REQUIRED ACTION:
Without the pictures, repeat all of the data exactly as it appears below.

[Entries taken from a collection]
____________

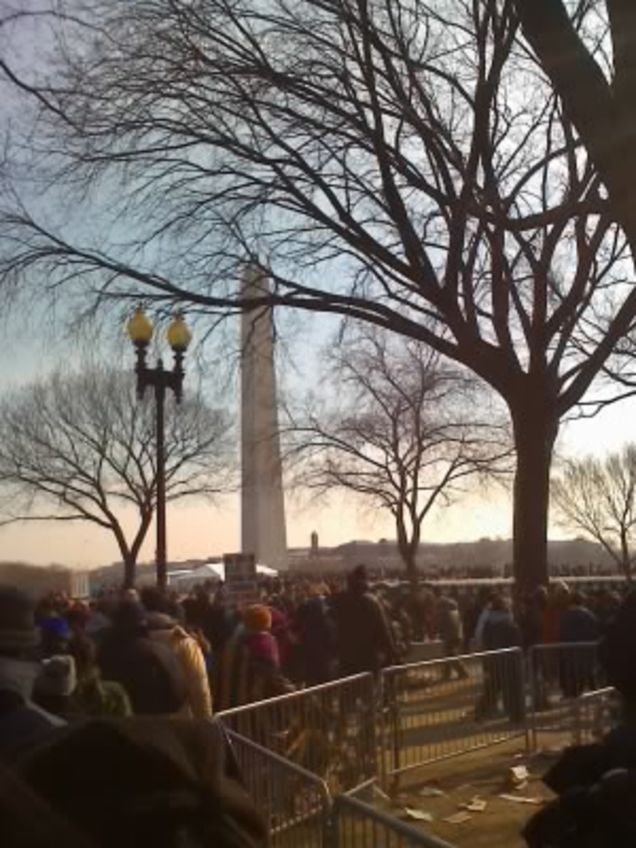 Our own Hamilton Nolan has been braving the chaos and lack of cell phone coverage in DC to get a glimpse of Barack Obama's big day. He just got through:
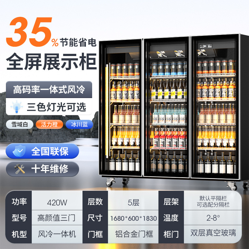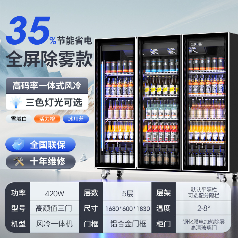 • 0x0x0cm-[고급형 전체 화면 김서림 방지 모델] 3도어 1680*600*1830 3색 조명
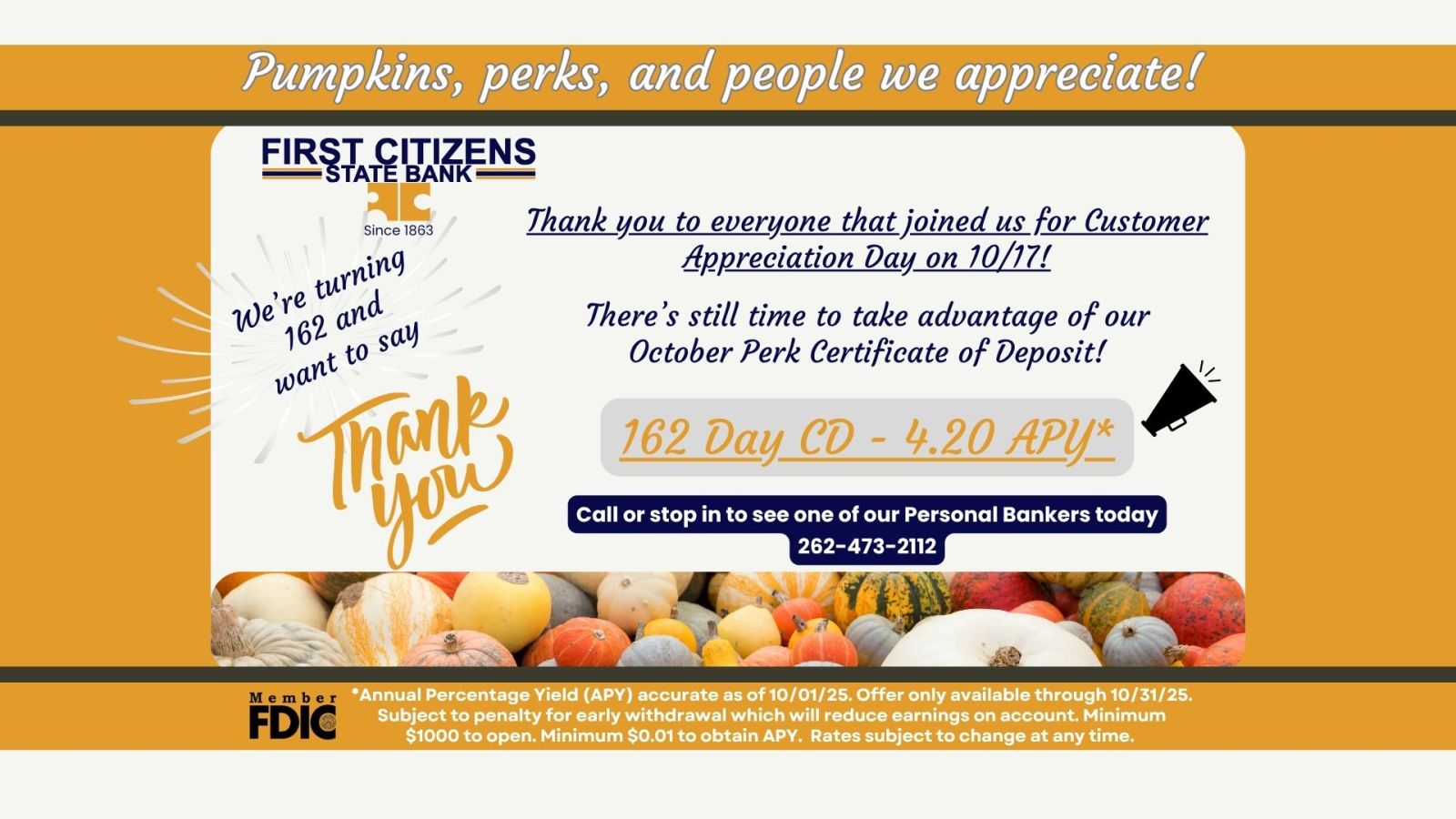about opening our October Perk Certificate of Deposit and start saving more today!
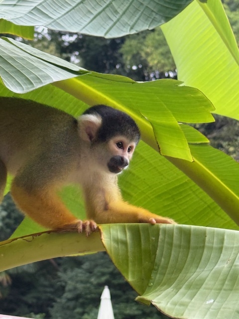 一定の時間帯だけリスザルを放し飼いにするんですけど、そのタイミングで真隣にリスザルがやってきてくれました!
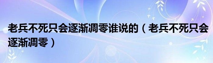 关于老兵不死只会逐渐凋零谁说的,老兵不死只会逐渐凋零这个很多人还不知道,今天菲菲来为大家解答以上的问题,现在让我们一起来看看吧!

____________

EXERCISE SOLUTION:
 Our own Hamilton Nolan has been braving the chaos and lack of cell phone coverage in DC to get a glimpse of Barack Obama's big day. He just got through:
 • 0x0x0cm-[고급형 전체 화면 김서림 방지 모델] 3도어 1680*600*1830 3색 조명
about opening our October Perk Certificate of Deposit and start saving more today!
 一定の時間帯だけリスザルを放し飼いにするんですけど、そのタイミングで真隣にリスザルがやってきてくれました!
 关于老兵不死只会逐渐凋零谁说的,老兵不死只会逐渐凋零这个很多人还不知道,今天菲菲来为大家解答以上的问题,现在让我们一起来看看吧!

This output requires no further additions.